Try it:
From the entries below, please output exactly the lines starting at the one containing "由于既有較成熟市場的商業(y" and ending at the one containing "为落实2023年中国—东盟(10+1)领", both included.

*** Data for this task Section Begins ***

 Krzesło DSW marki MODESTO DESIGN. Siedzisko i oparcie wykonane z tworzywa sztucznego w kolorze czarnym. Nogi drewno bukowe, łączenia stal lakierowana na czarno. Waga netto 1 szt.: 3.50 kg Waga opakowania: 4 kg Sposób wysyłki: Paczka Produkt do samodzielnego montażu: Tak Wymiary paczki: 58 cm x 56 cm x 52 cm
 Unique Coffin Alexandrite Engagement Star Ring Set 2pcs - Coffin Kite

*** Data for this task Section Ends ***
*** Data for this task Section Begins ***

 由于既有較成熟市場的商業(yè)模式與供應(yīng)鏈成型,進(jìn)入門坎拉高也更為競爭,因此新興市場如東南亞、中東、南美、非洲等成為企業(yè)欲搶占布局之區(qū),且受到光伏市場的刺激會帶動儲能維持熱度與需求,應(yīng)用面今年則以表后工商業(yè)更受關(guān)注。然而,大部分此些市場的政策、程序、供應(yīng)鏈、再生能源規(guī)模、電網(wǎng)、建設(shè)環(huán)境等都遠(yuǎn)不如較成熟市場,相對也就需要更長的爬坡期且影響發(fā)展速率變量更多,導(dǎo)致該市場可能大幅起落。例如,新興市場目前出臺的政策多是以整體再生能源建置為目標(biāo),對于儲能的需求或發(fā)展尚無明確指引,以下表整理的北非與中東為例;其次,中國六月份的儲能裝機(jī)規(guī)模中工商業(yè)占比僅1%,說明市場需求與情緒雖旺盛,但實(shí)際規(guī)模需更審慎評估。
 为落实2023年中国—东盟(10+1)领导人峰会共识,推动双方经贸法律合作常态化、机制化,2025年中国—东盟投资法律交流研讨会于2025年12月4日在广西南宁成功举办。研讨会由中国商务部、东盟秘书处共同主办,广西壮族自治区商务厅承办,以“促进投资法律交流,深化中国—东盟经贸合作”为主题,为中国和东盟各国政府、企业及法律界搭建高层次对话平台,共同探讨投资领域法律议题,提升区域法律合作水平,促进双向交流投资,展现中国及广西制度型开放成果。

*** Data for this task Section Ends ***
*** Data for this task Section Begins ***

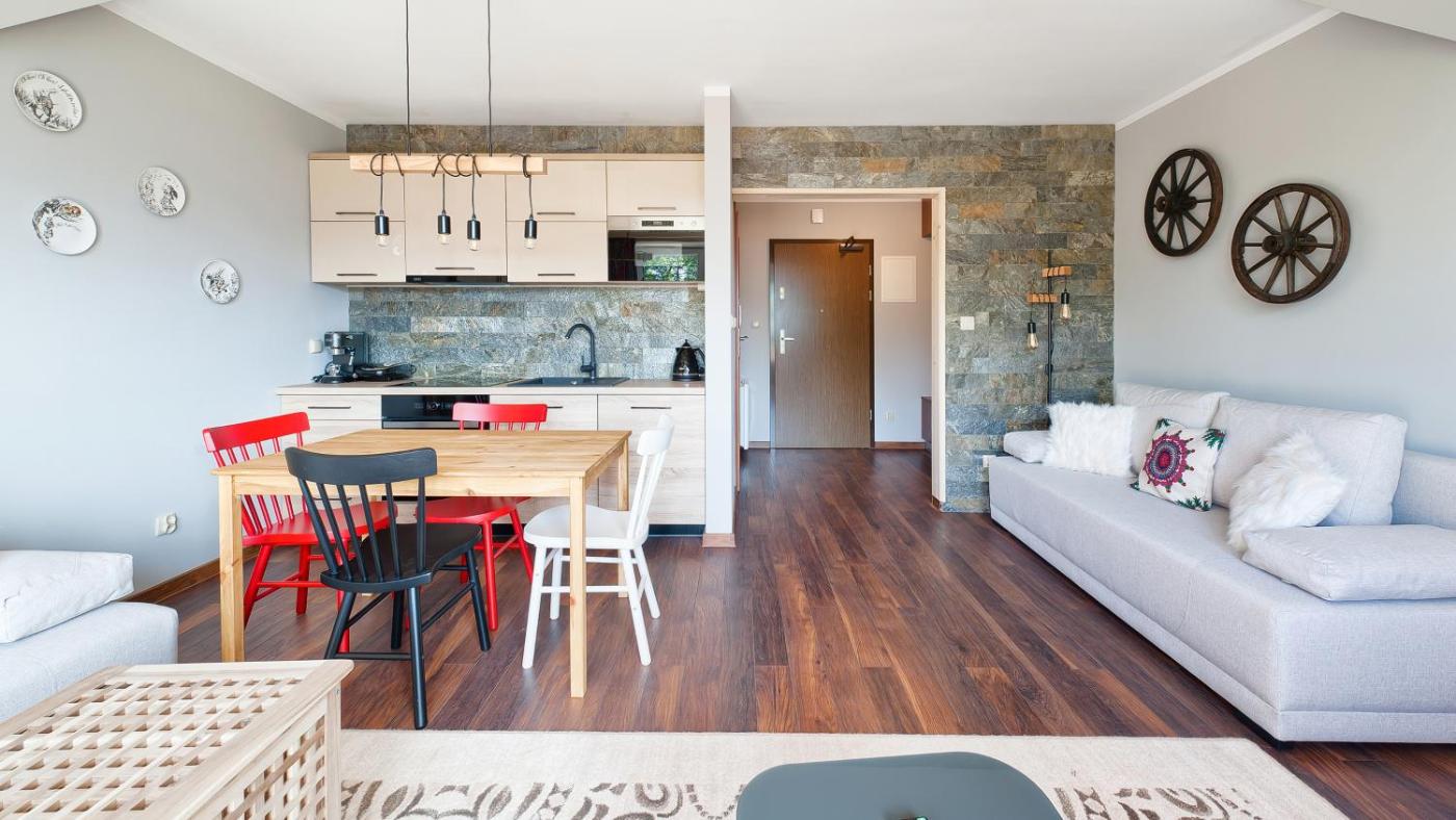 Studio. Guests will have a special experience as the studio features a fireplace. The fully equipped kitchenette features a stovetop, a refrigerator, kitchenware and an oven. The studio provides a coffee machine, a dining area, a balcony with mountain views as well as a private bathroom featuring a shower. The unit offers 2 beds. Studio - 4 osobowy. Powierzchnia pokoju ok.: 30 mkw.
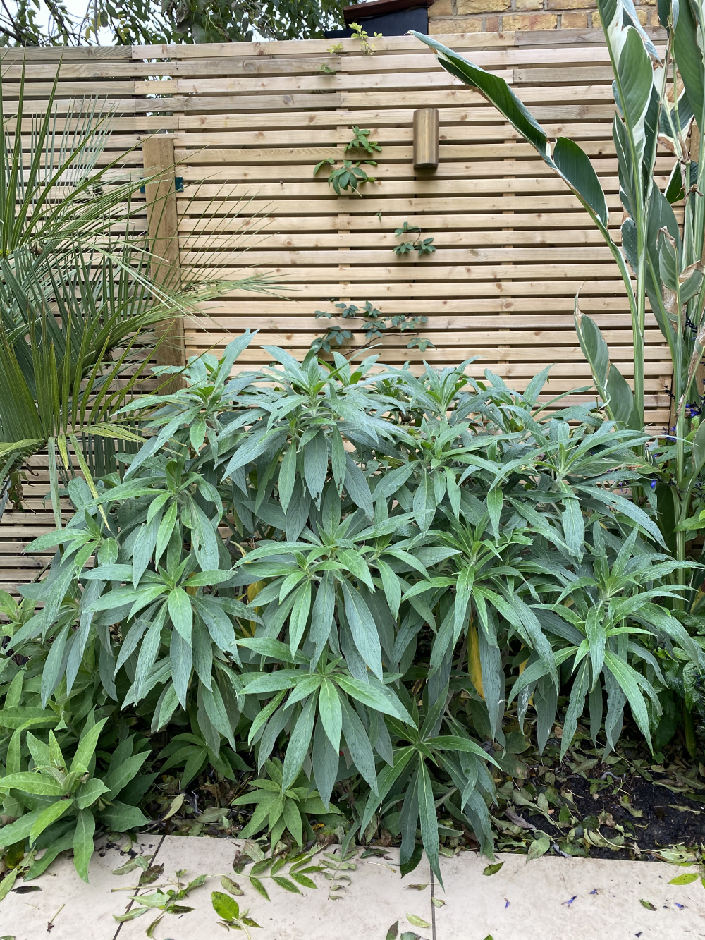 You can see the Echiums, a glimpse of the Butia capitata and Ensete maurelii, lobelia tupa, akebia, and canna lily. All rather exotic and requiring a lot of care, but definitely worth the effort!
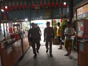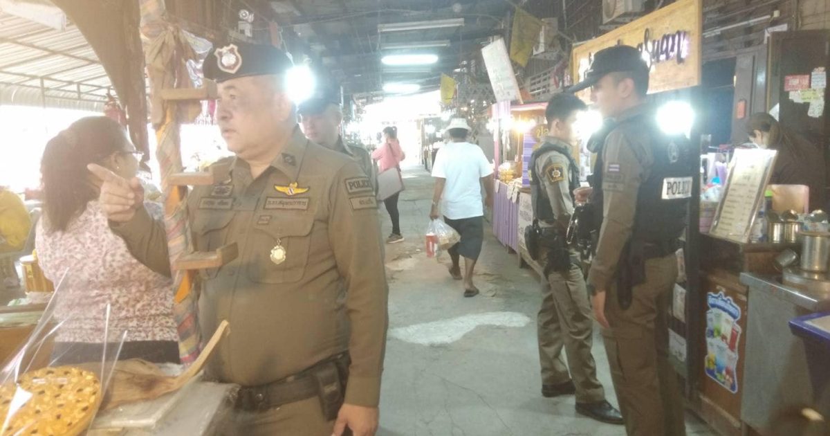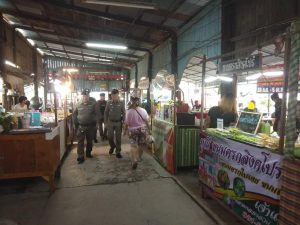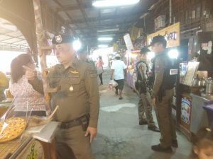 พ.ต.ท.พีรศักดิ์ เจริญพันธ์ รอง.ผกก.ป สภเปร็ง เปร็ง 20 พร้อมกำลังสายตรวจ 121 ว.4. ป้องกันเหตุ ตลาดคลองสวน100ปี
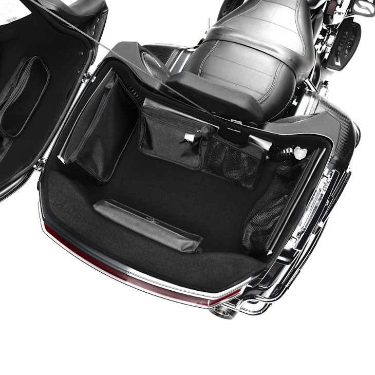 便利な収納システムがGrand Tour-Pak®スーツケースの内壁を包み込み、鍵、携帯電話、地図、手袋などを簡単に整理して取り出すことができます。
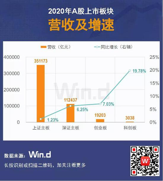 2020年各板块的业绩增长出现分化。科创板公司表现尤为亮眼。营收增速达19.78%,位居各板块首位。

*** Data for this task Section Ends ***

Answer to the problem:
 由于既有較成熟市場的商業(yè)模式與供應(yīng)鏈成型,進(jìn)入門坎拉高也更為競爭,因此新興市場如東南亞、中東、南美、非洲等成為企業(yè)欲搶占布局之區(qū),且受到光伏市場的刺激會帶動儲能維持熱度與需求,應(yīng)用面今年則以表后工商業(yè)更受關(guān)注。然而,大部分此些市場的政策、程序、供應(yīng)鏈、再生能源規(guī)模、電網(wǎng)、建設(shè)環(huán)境等都遠(yuǎn)不如較成熟市場,相對也就需要更長的爬坡期且影響發(fā)展速率變量更多,導(dǎo)致該市場可能大幅起落。例如,新興市場目前出臺的政策多是以整體再生能源建置為目標(biāo),對于儲能的需求或發(fā)展尚無明確指引,以下表整理的北非與中東為例;其次,中國六月份的儲能裝機(jī)規(guī)模中工商業(yè)占比僅1%,說明市場需求與情緒雖旺盛,但實(shí)際規(guī)模需更審慎評估。
 为落实2023年中国—东盟(10+1)领导人峰会共识,推动双方经贸法律合作常态化、机制化,2025年中国—东盟投资法律交流研讨会于2025年12月4日在广西南宁成功举办。研讨会由中国商务部、东盟秘书处共同主办,广西壮族自治区商务厅承办,以“促进投资法律交流,深化中国—东盟经贸合作”为主题,为中国和东盟各国政府、企业及法律界搭建高层次对话平台,共同探讨投资领域法律议题,提升区域法律合作水平,促进双向交流投资,展现中国及广西制度型开放成果。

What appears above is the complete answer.